# What the task requires
Word for word, restate the lines of the listing below from the line with "This Silver &" through the line with "Загальна площа вирізаних", and do not include the pictures.

# Excerpted data
-.-.-
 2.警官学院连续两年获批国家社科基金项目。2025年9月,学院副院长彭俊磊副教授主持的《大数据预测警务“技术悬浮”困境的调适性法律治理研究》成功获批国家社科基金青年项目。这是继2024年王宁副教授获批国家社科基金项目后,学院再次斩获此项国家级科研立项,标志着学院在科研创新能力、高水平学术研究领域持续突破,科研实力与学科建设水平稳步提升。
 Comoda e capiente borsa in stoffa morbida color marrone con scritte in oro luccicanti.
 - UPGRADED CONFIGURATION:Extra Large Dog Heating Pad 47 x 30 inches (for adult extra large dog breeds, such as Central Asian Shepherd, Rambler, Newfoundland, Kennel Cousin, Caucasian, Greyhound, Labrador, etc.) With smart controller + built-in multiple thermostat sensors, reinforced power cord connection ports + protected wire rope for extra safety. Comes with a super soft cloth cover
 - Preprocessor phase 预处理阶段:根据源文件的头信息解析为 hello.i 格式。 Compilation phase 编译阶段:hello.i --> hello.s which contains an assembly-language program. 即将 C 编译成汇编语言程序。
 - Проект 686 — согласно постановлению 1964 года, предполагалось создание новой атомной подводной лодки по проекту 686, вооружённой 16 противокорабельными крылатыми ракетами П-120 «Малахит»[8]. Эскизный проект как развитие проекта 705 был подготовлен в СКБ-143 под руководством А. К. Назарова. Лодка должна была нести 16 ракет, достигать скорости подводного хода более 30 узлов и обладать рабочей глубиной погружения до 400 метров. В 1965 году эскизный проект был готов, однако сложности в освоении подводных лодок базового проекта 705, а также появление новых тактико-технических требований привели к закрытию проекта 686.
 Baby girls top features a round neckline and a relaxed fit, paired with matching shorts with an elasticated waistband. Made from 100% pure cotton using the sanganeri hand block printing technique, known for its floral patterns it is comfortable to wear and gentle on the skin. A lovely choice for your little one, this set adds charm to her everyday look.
-.-.-
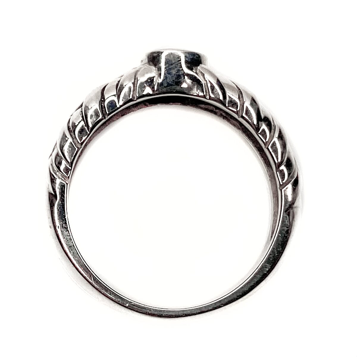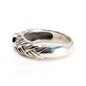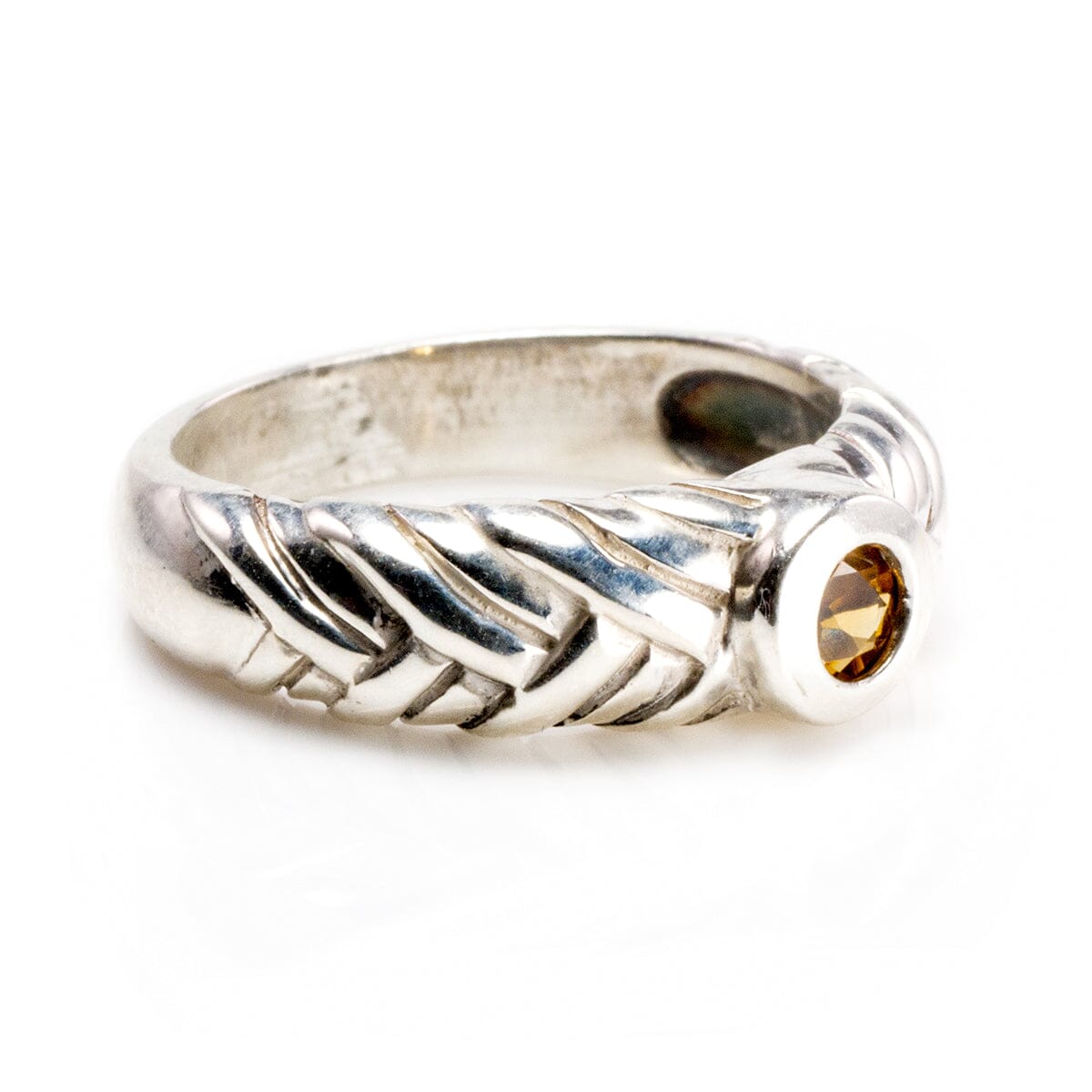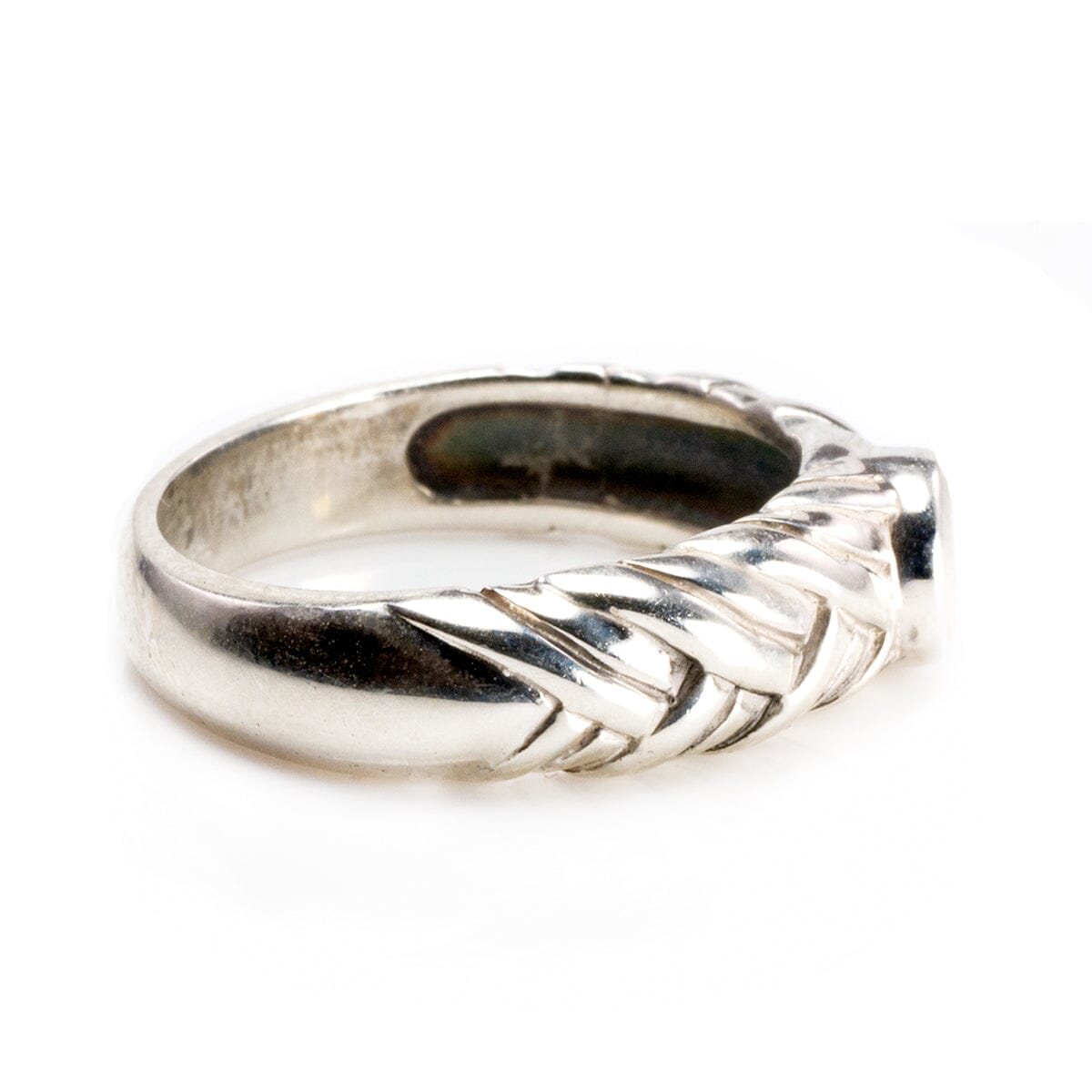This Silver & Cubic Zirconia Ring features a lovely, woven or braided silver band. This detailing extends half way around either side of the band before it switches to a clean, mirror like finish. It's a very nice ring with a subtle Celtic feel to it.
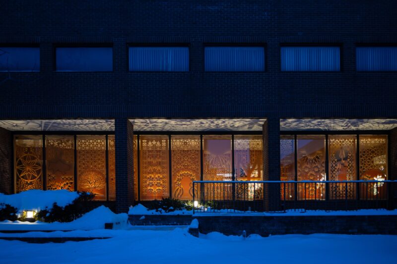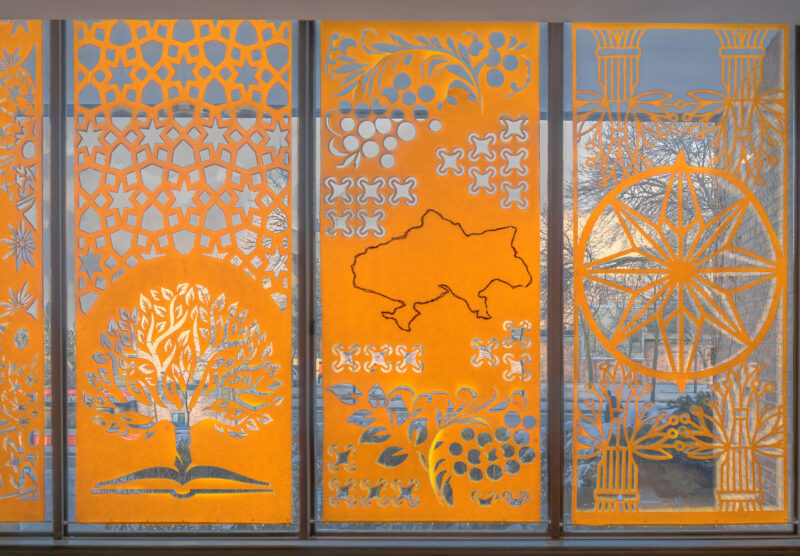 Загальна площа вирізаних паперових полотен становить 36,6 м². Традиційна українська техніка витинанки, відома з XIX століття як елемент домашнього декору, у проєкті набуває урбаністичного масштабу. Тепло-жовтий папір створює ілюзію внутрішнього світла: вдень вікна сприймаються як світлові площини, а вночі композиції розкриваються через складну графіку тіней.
-.-.-
# Finished exercise
This Silver & Cubic Zirconia Ring features a lovely, woven or braided silver band. This detailing extends half way around either side of the band before it switches to a clean, mirror like finish. It's a very nice ring with a subtle Celtic feel to it.
 Загальна площа вирізаних паперових полотен становить 36,6 м². Традиційна українська техніка витинанки, відома з XIX століття як елемент домашнього декору, у проєкті набуває урбаністичного масштабу. Тепло-жовтий папір створює ілюзію внутрішнього світла: вдень вікна сприймаються як світлові площини, а вночі композиції розкриваються через складну графіку тіней.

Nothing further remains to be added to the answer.